◆ WHAT THE TASK REQUIRES ◆
Records follow. Print exactly the lines from the one that has "Vous pouvez également" through the one that has "2015 CHEVROLET EXPRESS", inclusive, and omit the pictures.

◆ INFORMATION SUPPLIED ◆
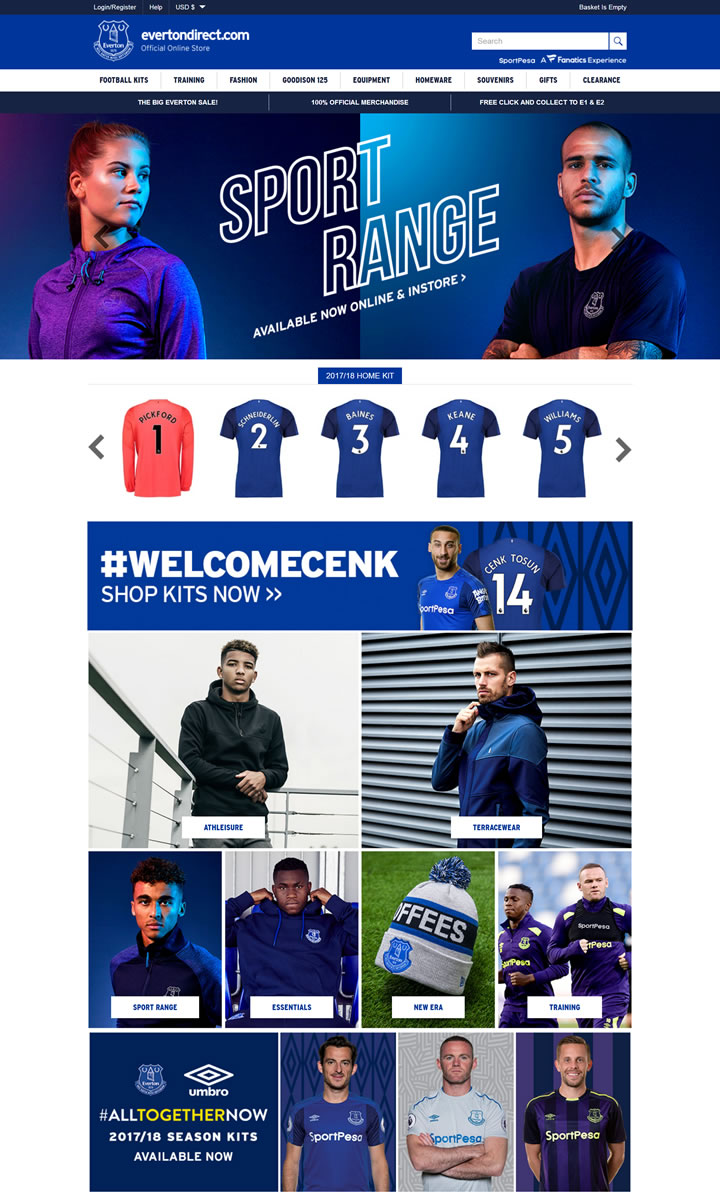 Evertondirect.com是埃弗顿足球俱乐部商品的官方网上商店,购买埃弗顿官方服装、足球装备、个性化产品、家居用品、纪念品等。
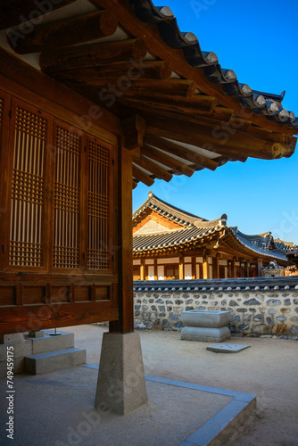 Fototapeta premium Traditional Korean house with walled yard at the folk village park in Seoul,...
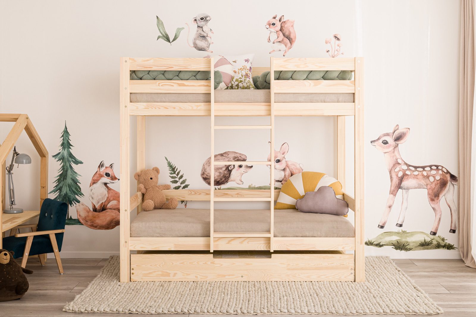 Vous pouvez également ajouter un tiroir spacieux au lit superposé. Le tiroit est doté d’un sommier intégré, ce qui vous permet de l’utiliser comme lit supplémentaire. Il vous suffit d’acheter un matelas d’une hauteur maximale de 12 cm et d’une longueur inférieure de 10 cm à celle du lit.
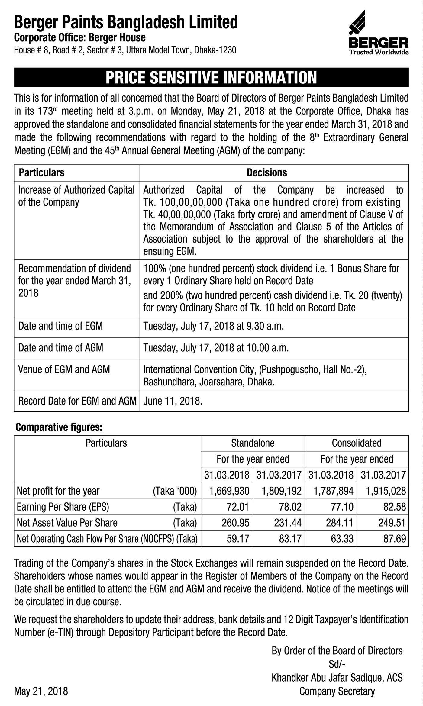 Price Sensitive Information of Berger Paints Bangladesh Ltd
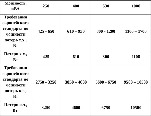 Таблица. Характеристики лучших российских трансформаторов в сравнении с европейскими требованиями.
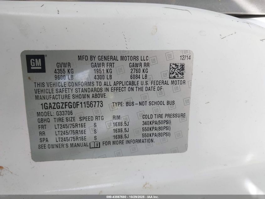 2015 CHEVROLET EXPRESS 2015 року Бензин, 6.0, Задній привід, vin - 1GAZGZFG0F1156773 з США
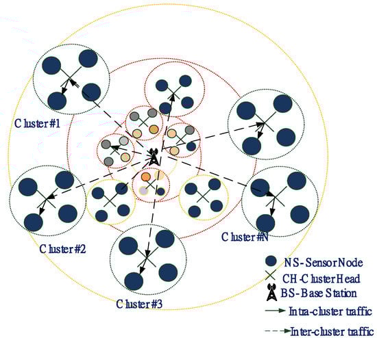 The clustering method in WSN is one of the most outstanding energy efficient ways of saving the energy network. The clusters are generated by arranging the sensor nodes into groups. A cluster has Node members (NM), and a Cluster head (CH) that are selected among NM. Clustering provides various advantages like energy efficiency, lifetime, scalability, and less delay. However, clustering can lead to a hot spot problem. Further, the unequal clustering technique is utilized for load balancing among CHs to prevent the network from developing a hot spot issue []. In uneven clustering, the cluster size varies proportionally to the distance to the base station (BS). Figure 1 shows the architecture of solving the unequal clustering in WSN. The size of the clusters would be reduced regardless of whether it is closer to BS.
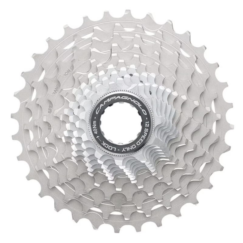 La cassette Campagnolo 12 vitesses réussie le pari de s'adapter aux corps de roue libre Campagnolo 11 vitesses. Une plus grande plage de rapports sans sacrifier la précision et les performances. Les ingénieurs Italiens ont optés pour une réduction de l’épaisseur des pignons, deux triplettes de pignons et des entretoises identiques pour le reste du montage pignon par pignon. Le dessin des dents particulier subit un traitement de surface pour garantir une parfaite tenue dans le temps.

* * *

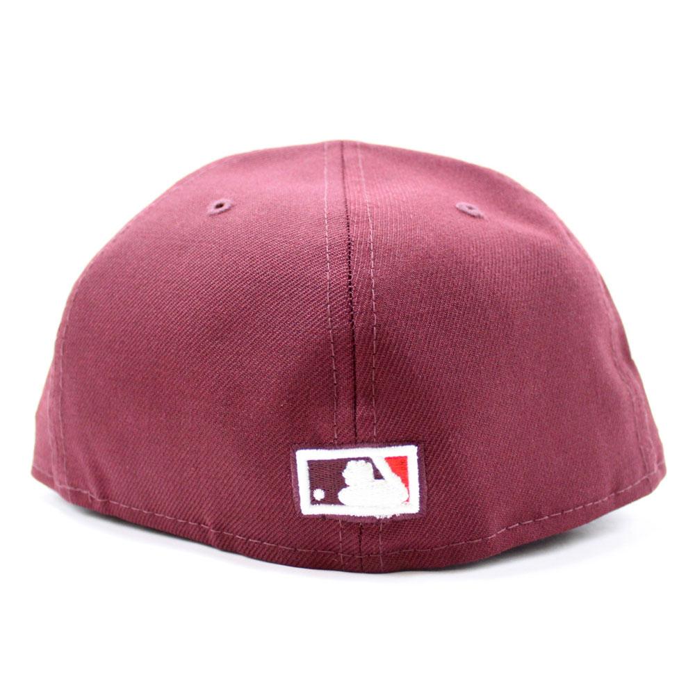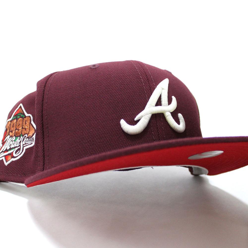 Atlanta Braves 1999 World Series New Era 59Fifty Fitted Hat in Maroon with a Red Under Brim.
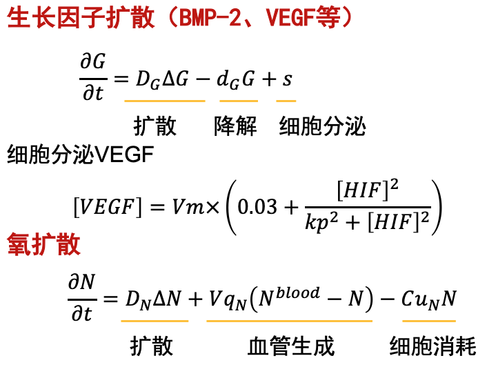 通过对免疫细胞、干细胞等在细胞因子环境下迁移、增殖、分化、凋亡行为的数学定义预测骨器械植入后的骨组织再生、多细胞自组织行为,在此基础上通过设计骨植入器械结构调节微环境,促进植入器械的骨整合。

* * *

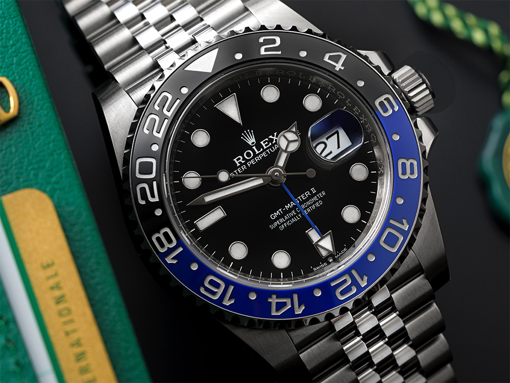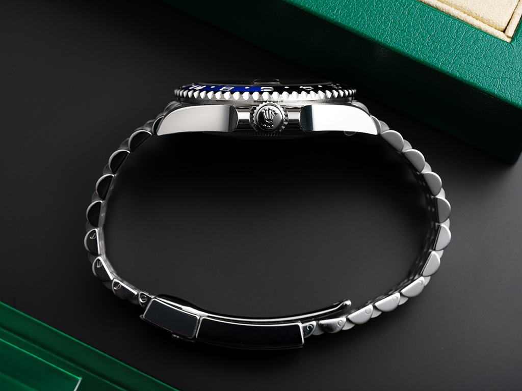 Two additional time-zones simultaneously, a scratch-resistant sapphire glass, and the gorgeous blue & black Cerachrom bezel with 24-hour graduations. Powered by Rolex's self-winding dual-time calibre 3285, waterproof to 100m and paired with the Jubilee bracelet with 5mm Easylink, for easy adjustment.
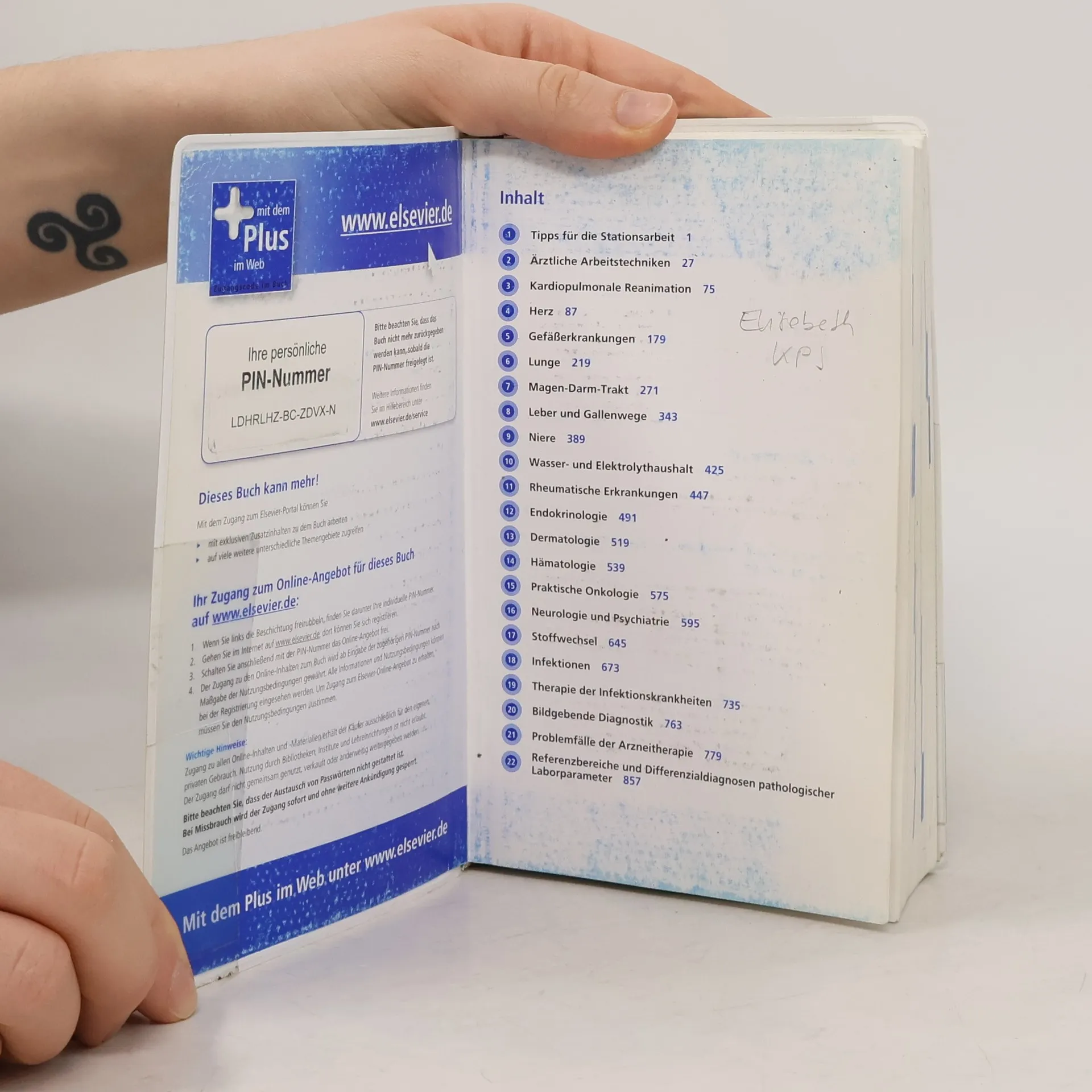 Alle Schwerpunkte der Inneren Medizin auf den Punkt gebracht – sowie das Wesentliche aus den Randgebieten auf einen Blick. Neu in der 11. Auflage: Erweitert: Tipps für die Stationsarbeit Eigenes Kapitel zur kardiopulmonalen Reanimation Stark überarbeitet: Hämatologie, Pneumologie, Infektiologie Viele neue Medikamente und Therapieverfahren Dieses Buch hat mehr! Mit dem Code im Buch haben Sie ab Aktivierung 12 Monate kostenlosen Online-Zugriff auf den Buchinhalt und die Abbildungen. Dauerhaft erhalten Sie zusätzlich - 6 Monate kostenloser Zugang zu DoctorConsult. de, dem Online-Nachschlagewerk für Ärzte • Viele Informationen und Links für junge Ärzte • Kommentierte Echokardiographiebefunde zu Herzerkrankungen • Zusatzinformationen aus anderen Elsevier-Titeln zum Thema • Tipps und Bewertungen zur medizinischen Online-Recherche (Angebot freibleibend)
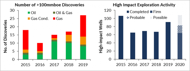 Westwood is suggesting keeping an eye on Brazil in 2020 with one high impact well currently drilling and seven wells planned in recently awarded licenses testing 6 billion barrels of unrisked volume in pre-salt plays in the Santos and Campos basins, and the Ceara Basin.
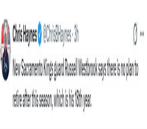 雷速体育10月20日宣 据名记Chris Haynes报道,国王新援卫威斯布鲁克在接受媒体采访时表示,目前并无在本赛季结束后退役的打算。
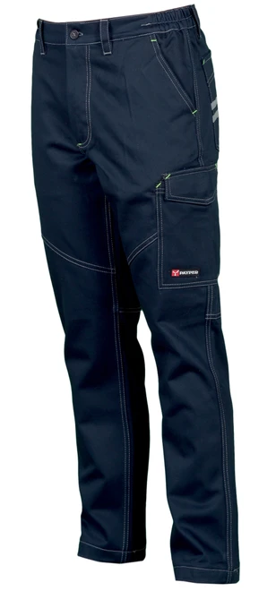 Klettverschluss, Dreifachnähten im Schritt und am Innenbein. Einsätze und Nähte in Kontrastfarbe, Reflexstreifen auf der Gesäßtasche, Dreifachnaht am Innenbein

◆ SOLVED EXERCISE ◆
 Vous pouvez également ajouter un tiroir spacieux au lit superposé. Le tiroit est doté d’un sommier intégré, ce qui vous permet de l’utiliser comme lit supplémentaire. Il vous suffit d’acheter un matelas d’une hauteur maximale de 12 cm et d’une longueur inférieure de 10 cm à celle du lit.
 Price Sensitive Information of Berger Paints Bangladesh Ltd
 Таблица. Характеристики лучших российских трансформаторов в сравнении с европейскими требованиями.
 2015 CHEVROLET EXPRESS 2015 року Бензин, 6.0, Задній привід, vin - 1GAZGZFG0F1156773 з США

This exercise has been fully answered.